Anish_sri · October 29, 2020, 1:55pm

@arampacha Hello,
It dosent’ work even if i have provided other delimiter that have been not there in dataset.

. Is there any possibility that single column values can be one hot encoded and convert the target into multiCategory…? . The values in label column some how have spaces and i just replaced them by ‘_’ .

Thanks,
Anish Srivathsav

arampacha · October 29, 2020, 2:02pm

Ok, you want your system to work if it encounters previously unseen labels, right? Try using
MultiCategoryBlock(add_na=True), I guess it might help

Anish_sri · October 29, 2020, 2:13pm

@arampacha No, The label which is displaying it as error . all those labels are included in the dataset . Now when i have done this by including add_na = True . it doesn’t help me. Now i got another label was missinfg from dataset.
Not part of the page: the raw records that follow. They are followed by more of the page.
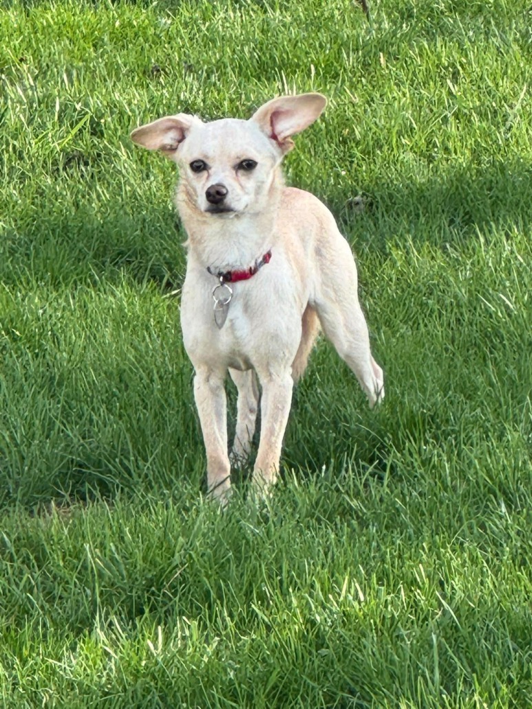 Tan white little chihuahua, red collar with tag from FACE, girl, seemed to be in heat
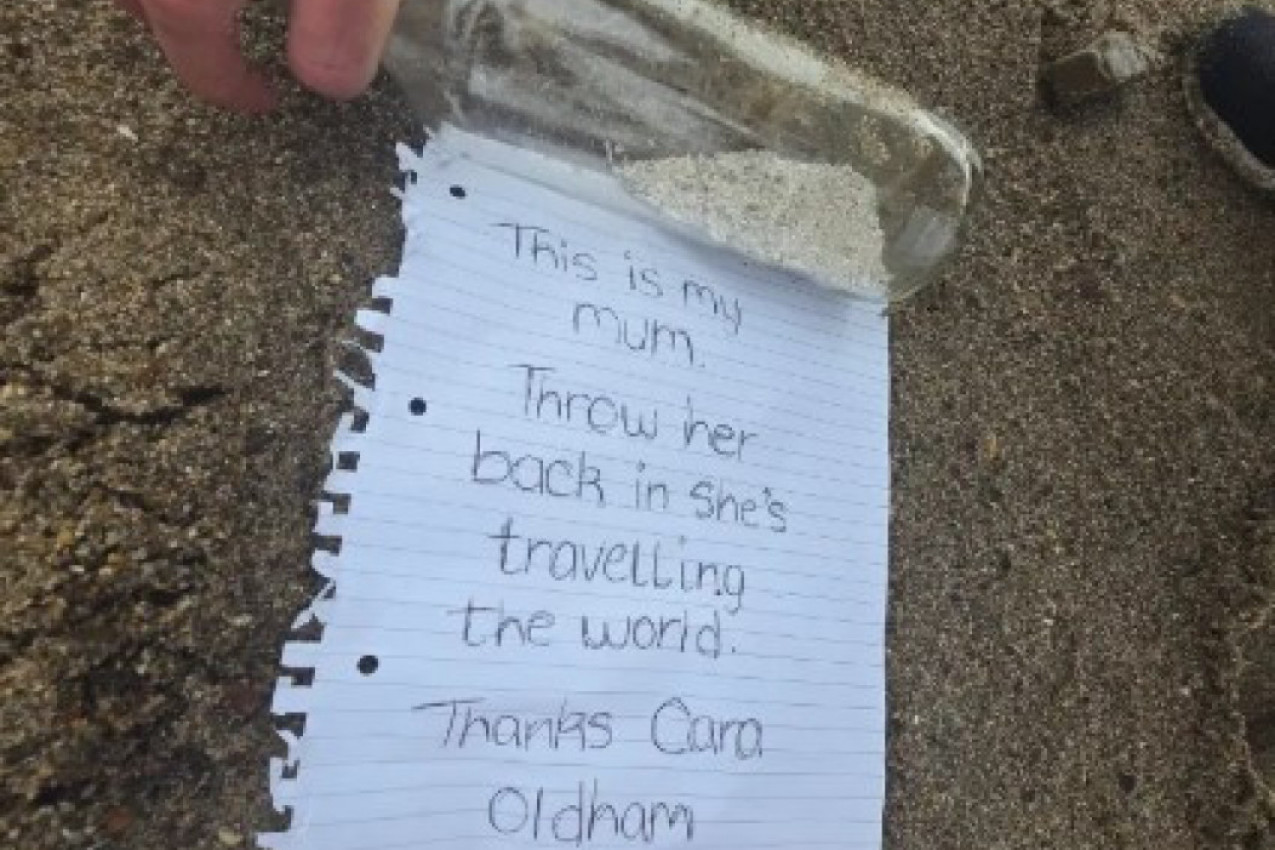 Šetajući po plaži u Skegnesu u Velikoj Britaniji, jedna žena se iznenadila kada je u pesku pronašla bocu sa porukom. Sve je delovalo kao filmska priča, osim što je u flaši zaista bila cedulja sa porukom, kao i pepeo pokojnika.
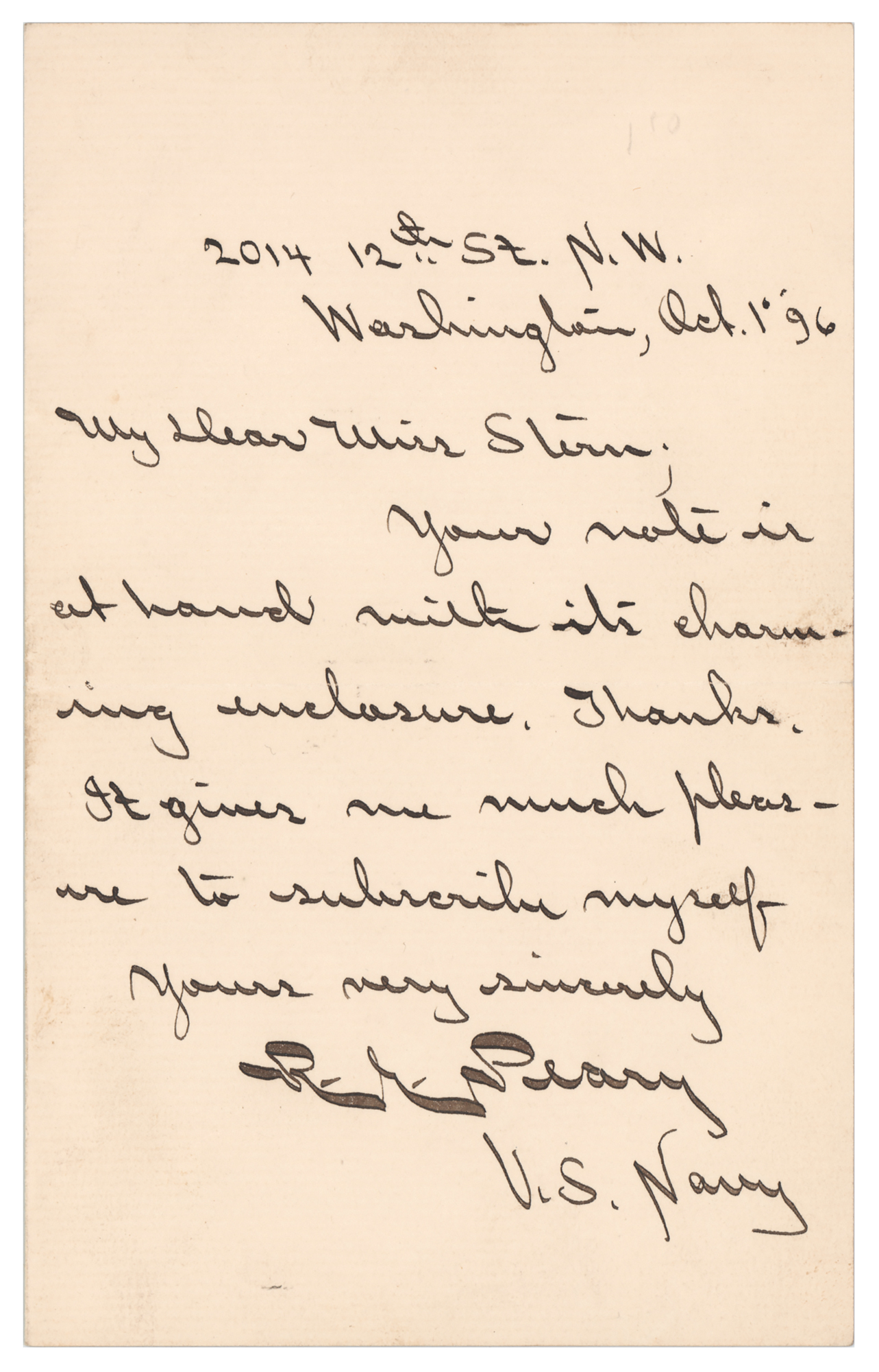 ALS signed “R. E. Peary, U.S. Navy,” one page, 4.25 x 6.75, October 1, 1896. Neatly penned handwritten letter, in full: "Your note is at hand with its charming enclosure. Thanks. It gives me much pleasure to subscribe myself." In fine condition.

Anish_sri · October 29, 2020, 2:16pm

@arampacha Can you help me in deciding this whether it is correct or not…? like i thought of a solution where by taking one hot encodings of all labels and store it in a data frame .
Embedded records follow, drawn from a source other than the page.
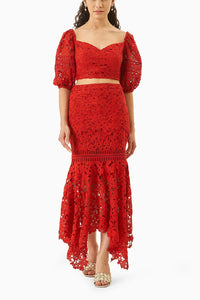 Red Floral off shoulder blouson top with fishcut handerchief skirt Coord Set
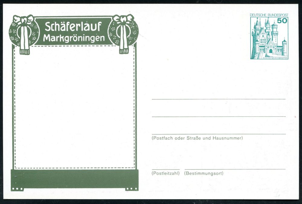 4126 | 10 € | POSTLEITRAUM 7100 (OHNE HEILBRONN u. LUDWIGSBURG) : Markgröningen 1979 PP 50 Pf. Burgen, grün: Volksfest "Schäferlauf" (histor.Schäferlauf, Reiter, Schafe, Trachten, Orchester) ungebr. | ![]() ![]() | |
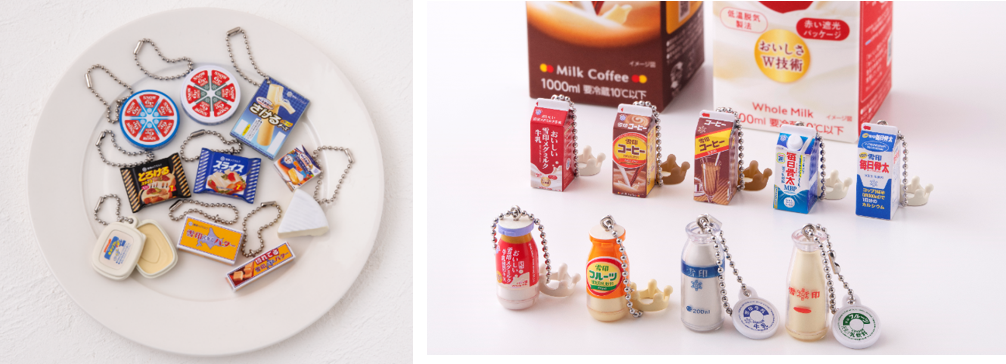 左:『雪印メグミルク ミニチュアチャーム ~乳製品シリーズ2~』(1回300円税込、全9種)
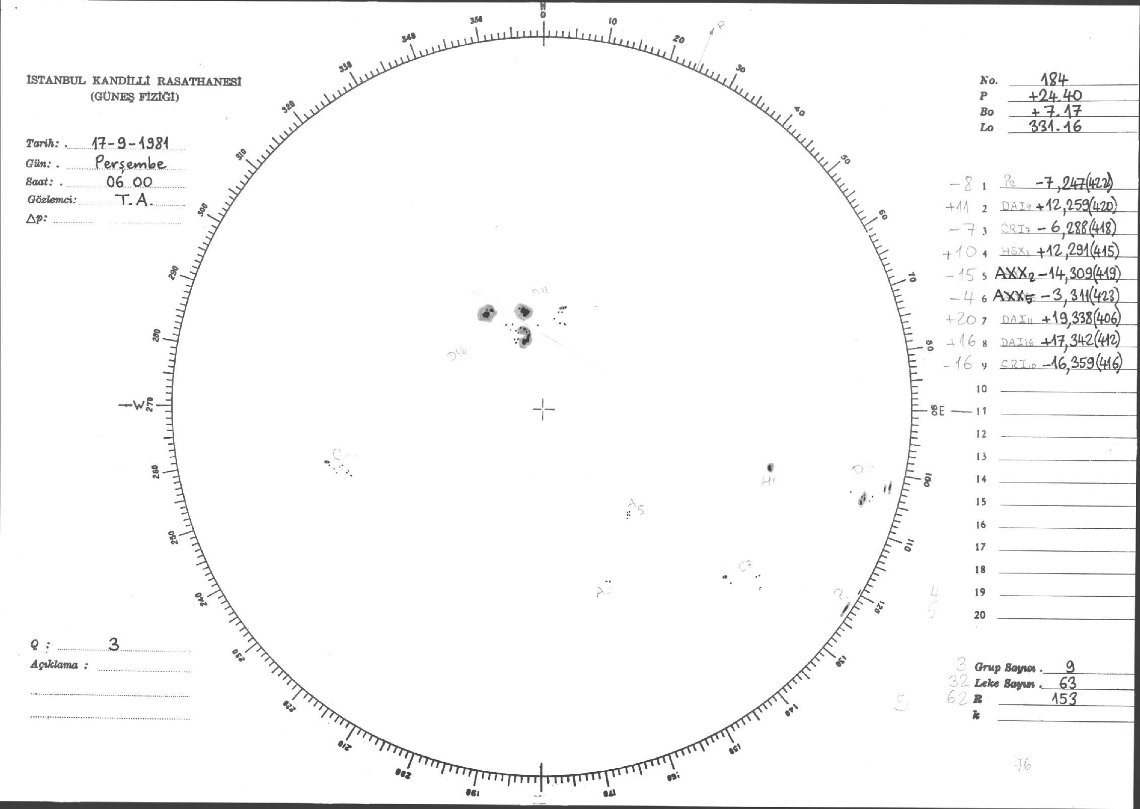 Güneş Lekesi Çizimi - 17.09.1981

. But i was unable to figure out how to create a datablock for this by using multilabel problem…?

Anish_sri · October 29, 2020, 2:30pm

@arampacha I have found a similar article related to multi label text classification where they performed it using fast,ai version 1 but I am unable to figure out for version2 . Here is the following code snippet of fastai V1.
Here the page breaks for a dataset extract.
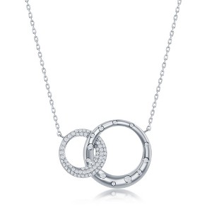 Bella Silver Sterling Silver Micro Pave CZ Interlocking Circles Necklace - Silver - 16+2 Inch - 1 of 2
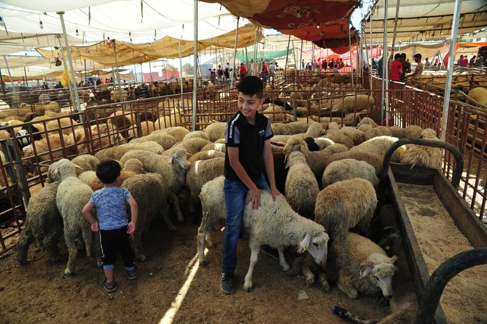 [프레스뉴스] 채정병 특파원=9일(현지시간) 이슬람권 최대 명절인 이드 알 아드하(희생제) 첫날, 요르단 암만의 한 양시장에서 아이들이 양우리에서 놀고 있다

. I think if we found a alternative for this will help finding a solution .

Thanks,
Anish srivathsav

arampacha · October 29, 2020, 2:32pm

Well, seems add_na parameter does something different from what I expected.
You can also try passing vocab parameter with all your label to MultiCategoryBlock.

Anish_sri · October 29, 2020, 2:35pm

@arampacha well, I tried that also by passing labels to vocab. That doesn’t help me solving the problem. The same error was getting repeated.

arampacha · October 29, 2020, 2:36pm

Also I think that error is caused by fact, that some of labels end up missing in your train dataset when you do random splitting. How much data do you have? Are there rare labels? You can try to do stratified split

Anish_sri · October 29, 2020, 5:32pm

@arampacha No I have enough samples in my training data around 5 lakh records with decent number of labels in it. I trained a classifier fit for one cycle , ulmfit got overfitted. I am looking for any alternate approach to do the multi label classification . Thanks for helping me by taking your time to help me out . I am open to any suggestions if you have any to perform a multi label classification where targets are in column with one label per sample.
Thanks,
Anish Srivathsav

msivanes · October 29, 2020, 11:43pm

Can you try datablock.summary(df) and paste the results. It will help to show the pipeline for y and show where things are going wrong.

Anish_sri · October 30, 2020, 3:34am

@msivanes Hello , I have a pretrained language model for text classification learner i have Initialized a datablock and ran it . But I got an error while returning the summary.

Here is the snapshot of a sample record . Could you please look into this and suggest the following pipeline accordingly…

Thanks in advance,
Anish

msivanes · October 31, 2020, 6:04pm

@Anish_sri
you may need to call the summary on DataBlock() instance and not on DataLoaders.

dblock = DataBlock(blocks=..., get_x=..., get_y=..,splitter=...)
dblock.summary(source=data)

Anish_sri · November 5, 2020, 8:02am

@arampacha @msivanes
Hello Manikandan and Arampacha , Thanks for helping me in solving the multi label problem. I have a question regarding the embeddings from the ULMFIT . Is there any way to get the vocabulary tokens of ULMFIT language model embeddings ? If there is a possible way can you please provide any suggested articles or github links to get those embeddings …

Thanks in Advance,
Anish

msivanes · November 5, 2020, 2:26pm

Yes you can.

Is there any way to get the vocabulary tokens of ULMFIT language model embeddings ?

The vocab attribute from the dataloaders instance you create would have the vocabulary.
For example, dls.vocab

This colab showcases how to inspect the tokens from the pretrained model (wiki dataset) and also from the new tokens added from your task specific corpus.